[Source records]

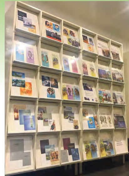
Wand met evangelisatiefolders.

Een video waarin een Getuige met depressieve klachten haar hart huilend uitstort bij Jehovah, wordt gevolgd door een 'vraag- en antwoordbespreking'. Wie wil reageren steekt de hand op. Daarna volgen praktische aanwijzingen voor een leven naar Gods wil: dat je vrienden vooral in de
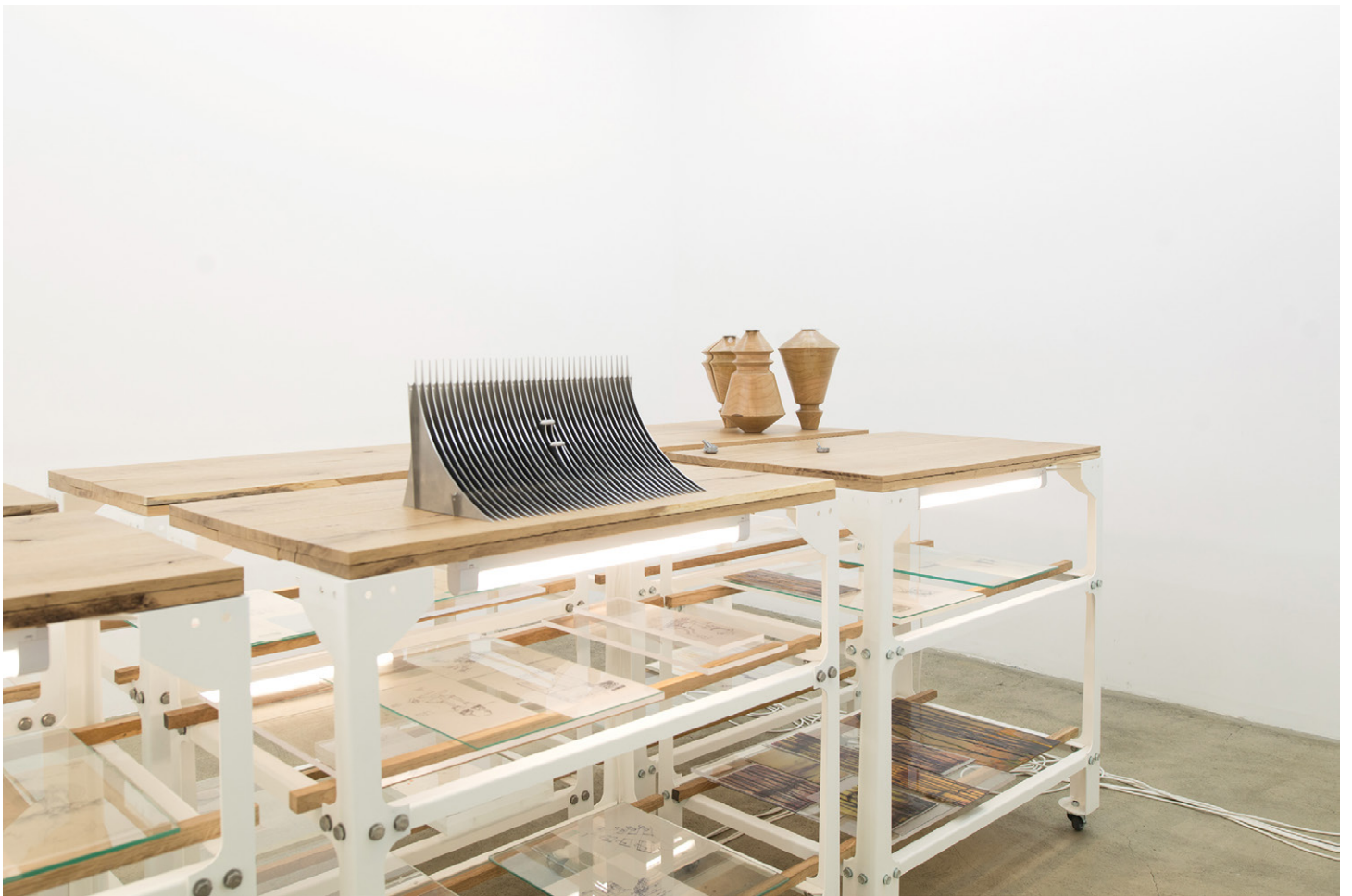
Vue de l'exposition de Florian Sumi / Overview of the exhibition « Florian Sumi : Maître Cœur ». Galerie Escougnou-Cetraro, Paris
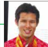
東京ガス (パラ水泳) 木村 敬一 選手
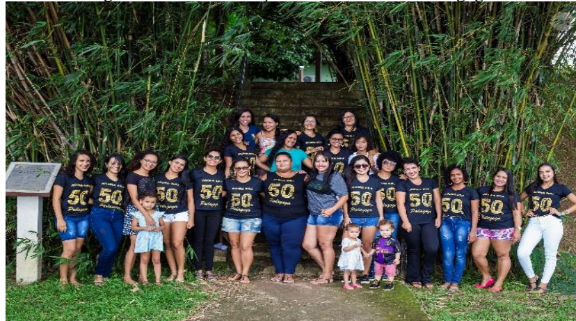
Figura 22 – Comemoração 50% do curso de Pedagogia
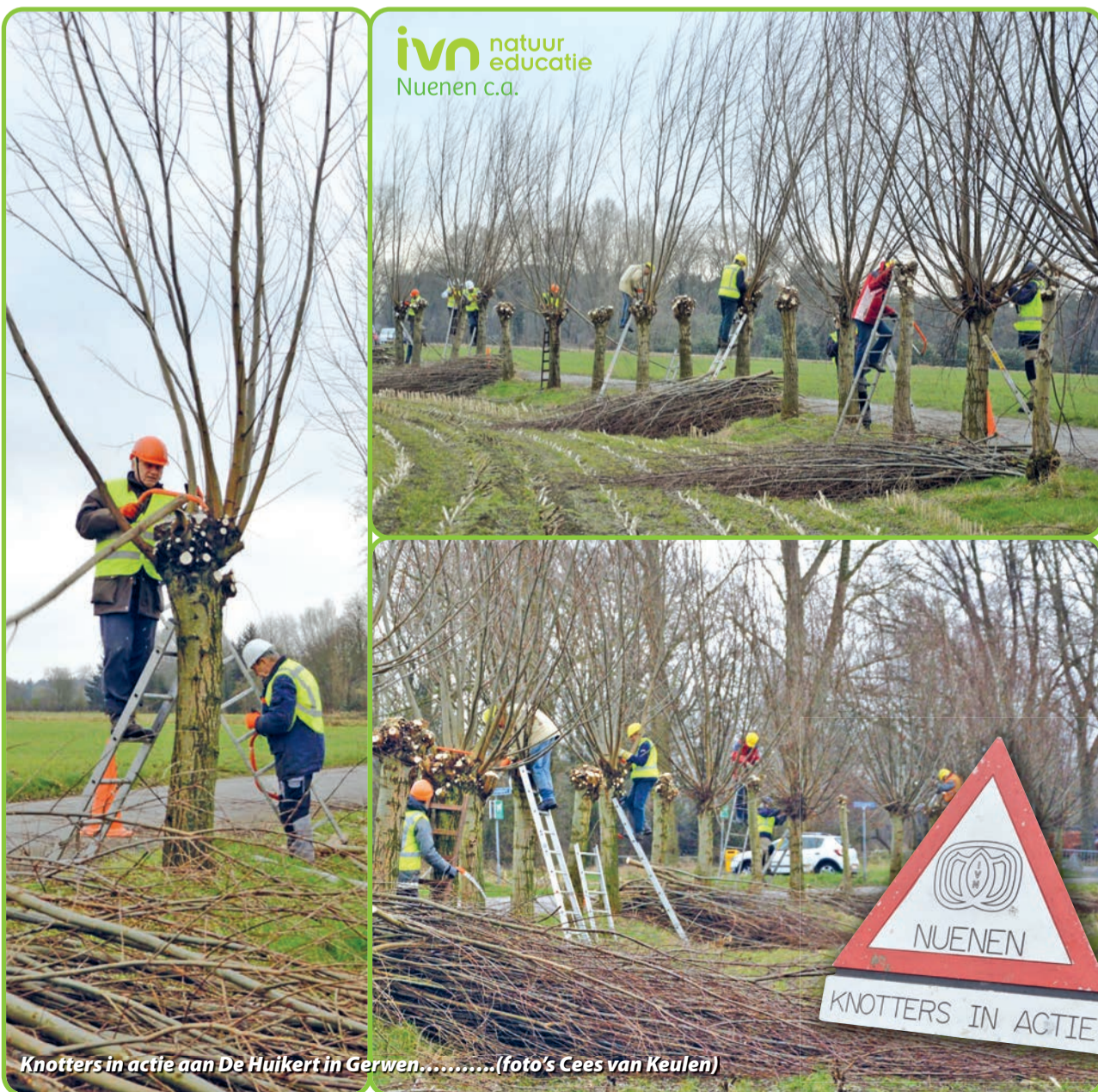
Knotters in actie aan De Huikert in Gerwen.....

De kruinen van de knotwilgen aan De Huikert in Gerwen staan er weer kortgeknipt bij. Zaterdag 29 januari was de knotgroep van het IVN-Nuenen c.a. met vijftien leden in actie in Gerwen. De IVN-ers zijn, uitgerust met helmen en werkhandschoenen, een paar uurtjes druk met het knotten van de kruinen. Het handgereedschap zoals snoeischaars en zagen wordt verzorgd door het IVN. De winterperiode is het werkseizoen voor de knotgroep en op zaterdag komen de knotters in actie. Het meest voorkomende werk is het knotten van knotwilgen. Dat gebeurt om de 3 of 4 jaar. Elke winter worden zo'n vier- à vijfhonderd knotwilgen 'kortgeknipt'. Knotters zijn welkom en ook niet-leden mogen meewerken. Belangstellenden kunnen meer informatie vinden op de site van het IVN: www.IVN.nl/Nuenen .
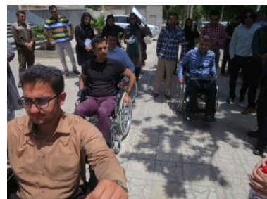
シーラーズ市でバリアフリーWS
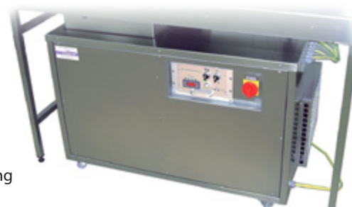
LCM Bandsteuerung und Kühlaggregat in separatem Wagen als Standardausführung
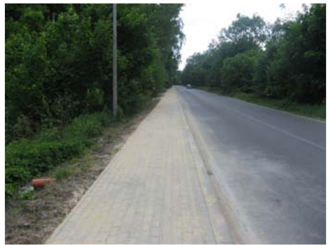
Chodnik w Kietczewicach Dolnych przy drodze powiatowej nr 2289L
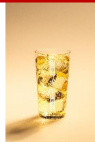
ジョニーハイボール&ウメ スモーキーさと梅酒の甘酸っぱさを 味わう、さっぱり系和風ハイボール。
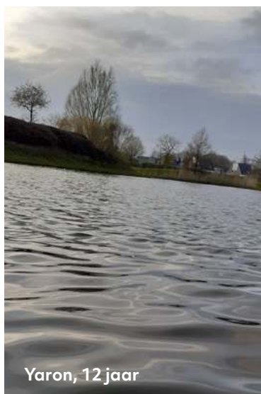
Yaron, 12 jaar
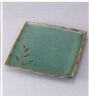
207-305-40 1,140円 グリーン芦角大皿(23×23×3) 520730440
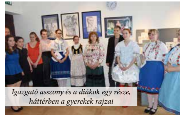
Igazgató asszony és a diákok egy része, háttérben a gyerekek rajzai

A június 2-án zajlott látványos eseményről képeinkkel számolunk be.
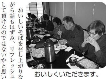
おいしくいただきます。

介護者交流会 社協では、毎月昼と夜の二回在宅で介護をしている皆さんに集まって頂き、楽しいレクリエーションや勉強会を行い交流を深めています。 今年初の交流会は、すずみし荘においてそば打ちをしました。恒例となっているそば打ちですので、お店で出でくるような出来栄で、味も大満足です。
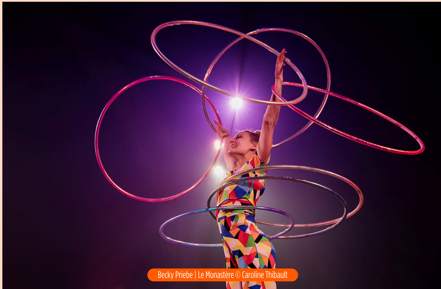
Becky Priebe | Le Monastère
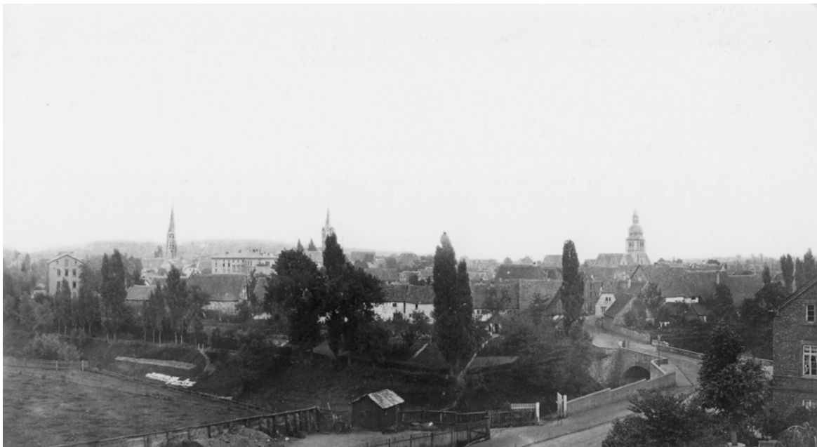
Fotographie um 1870

Vor kurzem tauchte folgende Photographie auf.
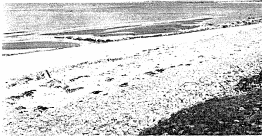
Fig. 14. Stranden i afsnit III med revler ude i vandet og en sandrevle inde på stranden. Længere inde mod klinten er stranden mere og mere stenet. 30. 3. 68, foto 4413.

Fig. 14. The beach in section III with bars in the water and a sand bar on the beach. Nearer the cliff, the beach is getting more and more stony. 30. 3. 68, photo 4413.
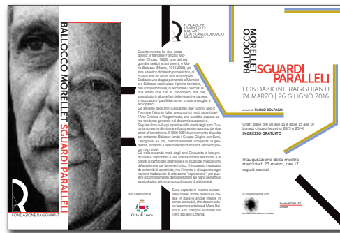
24 marzo – 26 giugno 2016 Sguardi paralleli. Ballocco / Morellet mostra a cura di Paolo Bolpagni
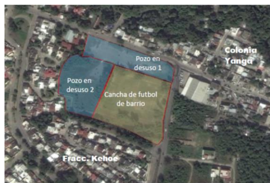
Figura 5. Espacio con posibilidad de intervención urbana, en rescate de campos petroleros en desuso dentro de la ciudad de Poza Rica.

El espacio en desuso y vacío urbano en cuanto a su caracterización se da en el marco de la utilización del espacio público por la población. La valorización de estos espacios marca una constante: su uso futuro. Los posibles escenarios urbanos emergen como puntos factibles de encuentro social. Una de las dificultades para llevar a cabo el presente análisis es lo limitado de la información, la dificultad de concentración y medición de los datos, y con ello elaboración de la tipología de los espacios públicos dentro de la ZMPR. Para ser tomado como referencia tenemos el caso de los campos petroleros que se ubican a un costado de la Avenida Pozo 13 y Nezahualcóyotl, en el fraccionamiento Heriberto Kehoe, que se muestran en la figura 7, y como puede observarse es un punto de interconexión vial dentro de la ciudad de Poza Rica.
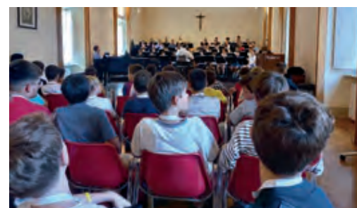
Van escoltar un assaig de la Cappella Musicale Pontifica Sistina
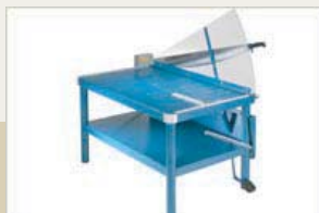
Nedfällt - sidobord

## YOUR TASK
From the records above, copy only the lines running from the line containing "Fotographie um 1870" to the line containing "Fig. 14. Stranden", both ends included. Leave the pictures out.

## WRITTEN REPLY
Fotographie um 1870

Vor kurzem tauchte folgende Photographie auf.
Fig. 14. Stranden i afsnit III med revler ude i vandet og en sandrevle inde på stranden. Længere inde mod klinten er stranden mere og mere stenet. 30. 3. 68, foto 4413.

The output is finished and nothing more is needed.